*** Begin section ***
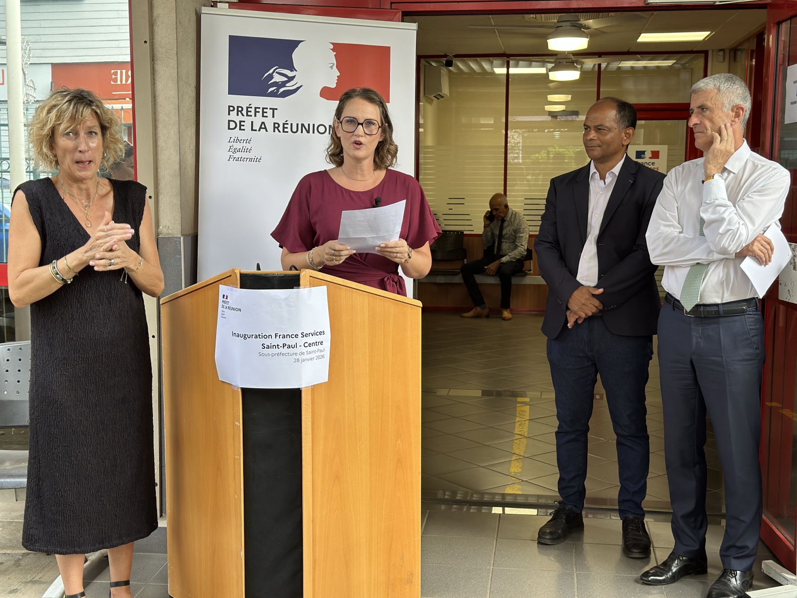 Ce jeudi 29 janvier 2026, les services de l'État ont inauguré un nouveau bureau France Services à Saint-Paul, dans les locaux de la sous-préfecture de la ville. Vous avez une question sur vos démarches administratives ? "Il y a toujours un conseiller France Services pour vous aider à moins de 20 minutes de chez vous." C'est en tout cas la promesse du gouvernement. En 2025 à La Réunion, France Services a procédé à 155 000 accompagnements. Nouveauté cette année, ce bureau est en mesure d'accompagner les personnes sourdes et malentendantes. ( Photo : Préfecture de La Réunion)
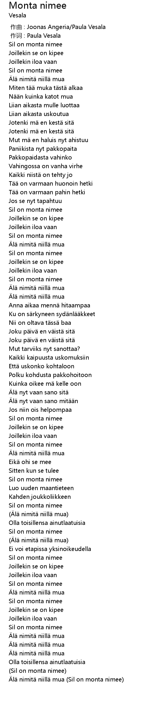 | [00:00.335] | 作词 : Paula Vesala |
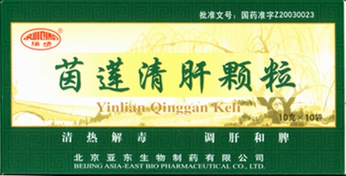 [成  分]: 茵陈、板蓝根、绵马贯众、茯苓、郁金、当归、红花、琥珀、白芍(炒)、白花蛇舌草、半枝莲、广藿香、佩兰、砂仁、虎杖、丹参、泽兰、柴胡、重楼。
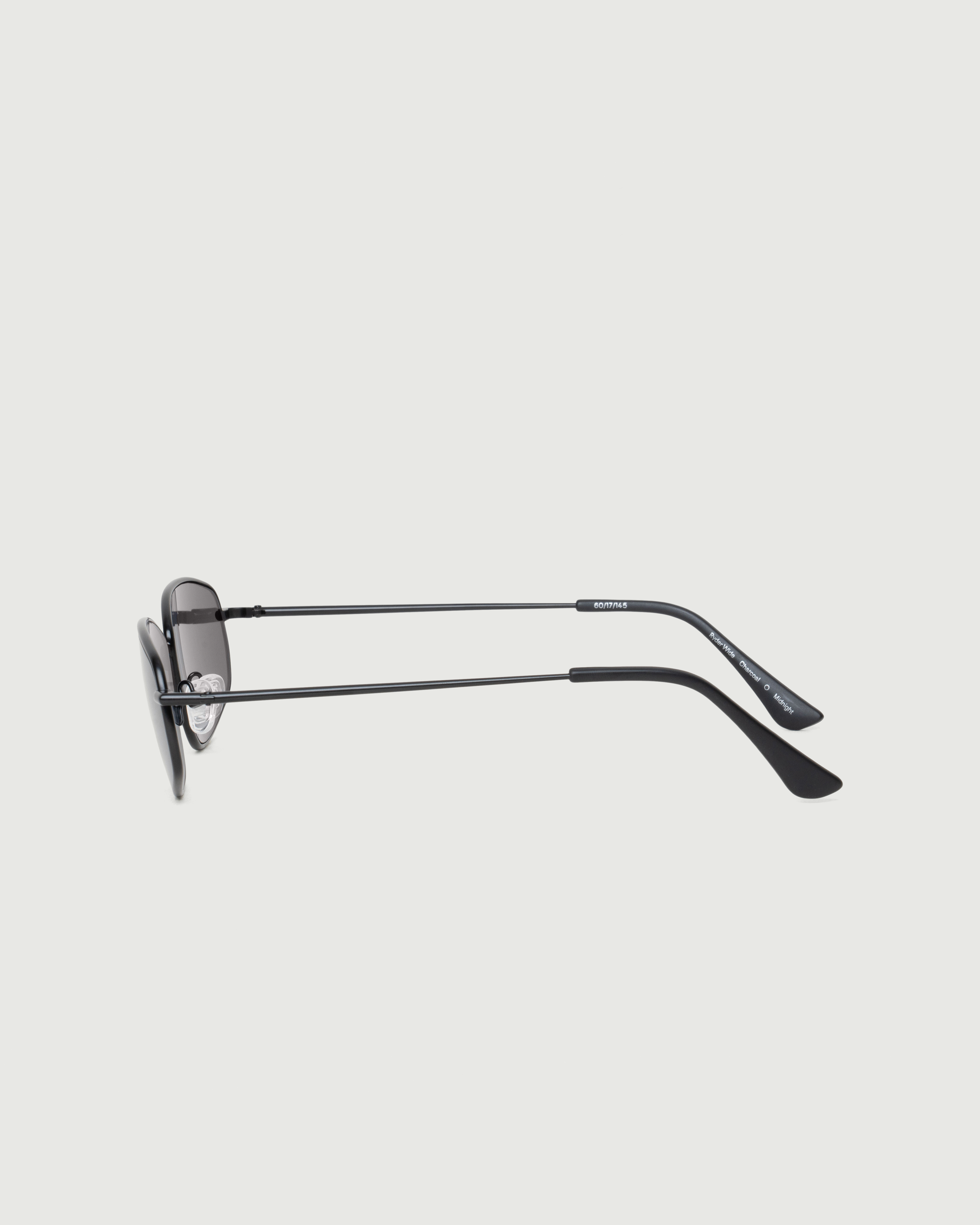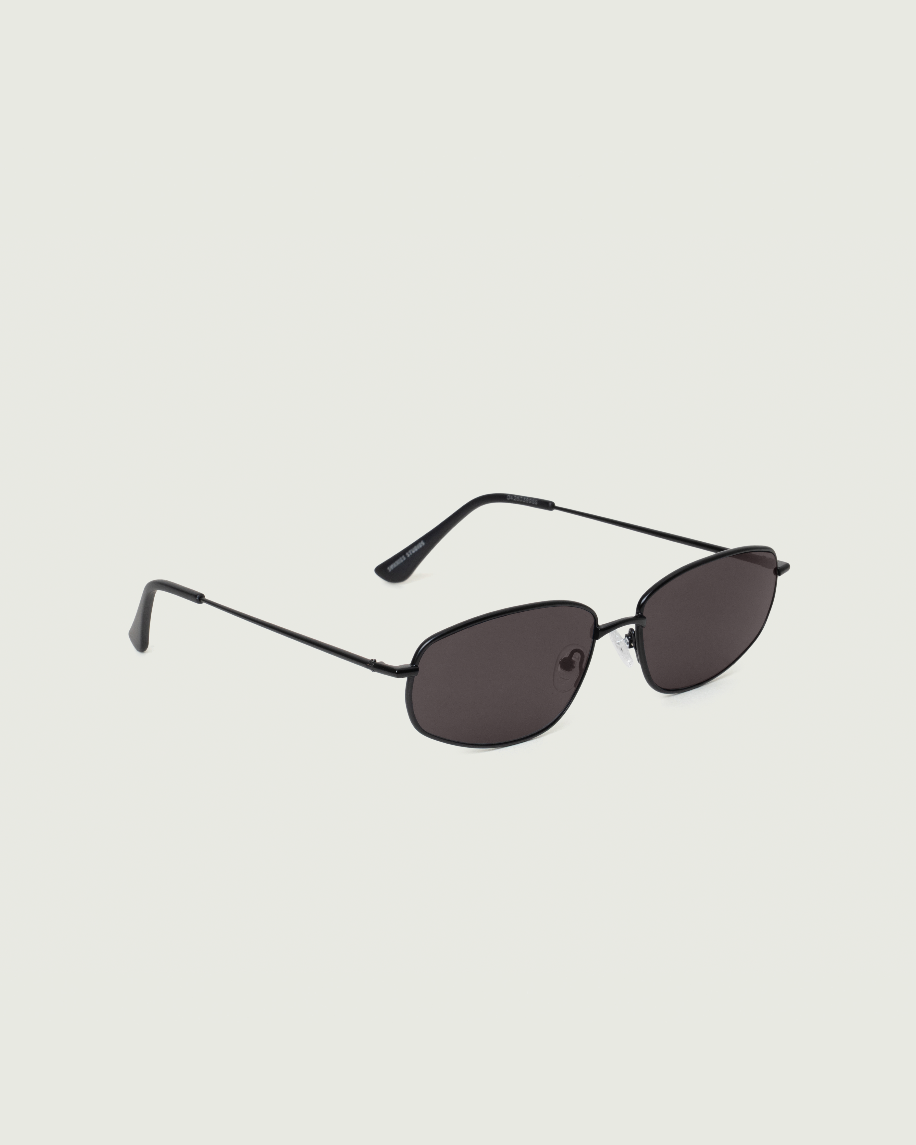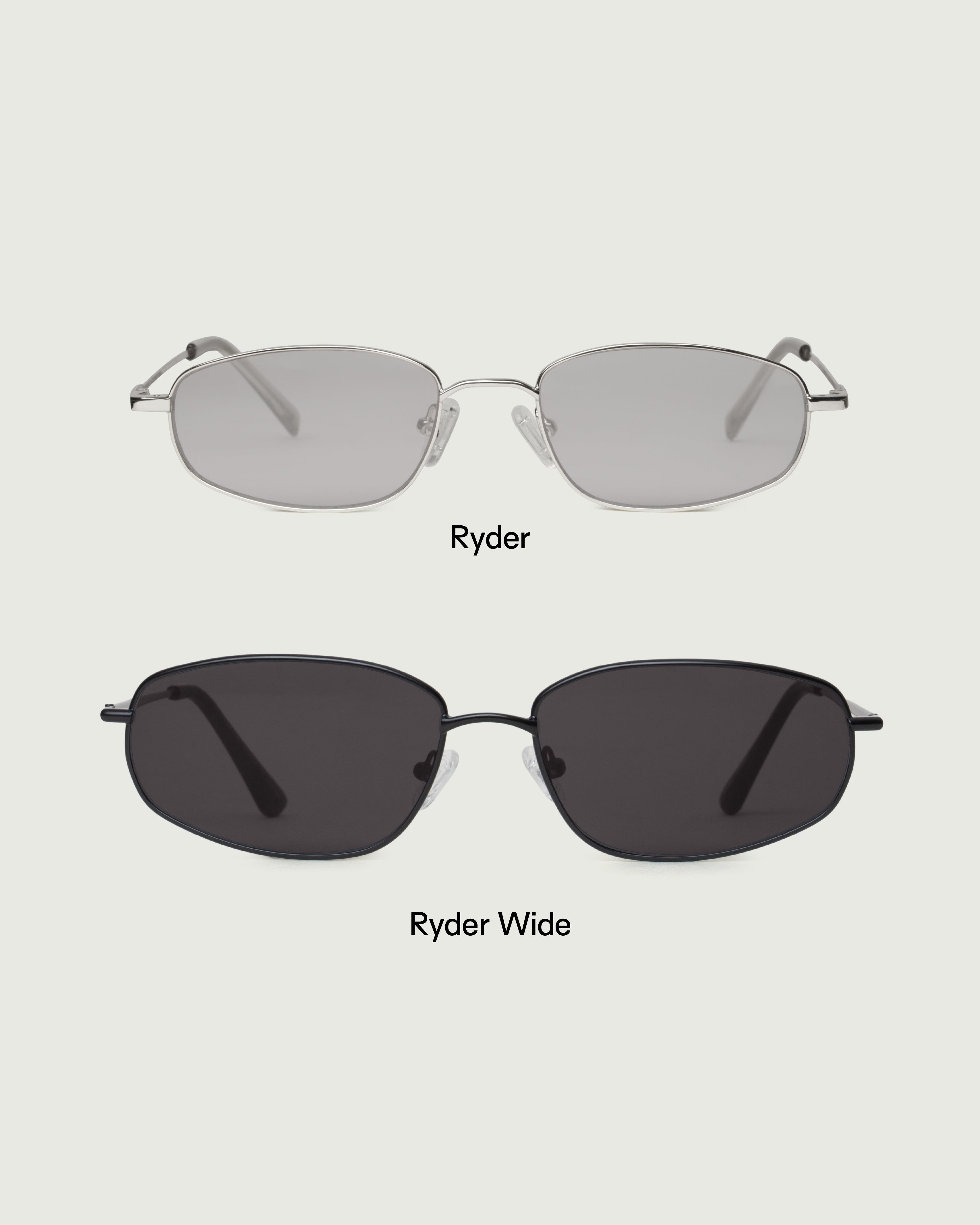 An upswept rectangular metal frame for a wide fit. Also available in a narrow size.
*** End section ***
▶ [TASK DESCRIPTION] Omitting all pictures, restate word for word the lines from the one containing "Paula Vesala |" through the last line of the data.

▶ [WRITTEN RESPONSE]
 | [00:00.335] | 作词 : Paula Vesala |
 [成  分]: 茵陈、板蓝根、绵马贯众、茯苓、郁金、当归、红花、琥珀、白芍(炒)、白花蛇舌草、半枝莲、广藿香、佩兰、砂仁、虎杖、丹参、泽兰、柴胡、重楼。
 An upswept rectangular metal frame for a wide fit. Also available in a narrow size.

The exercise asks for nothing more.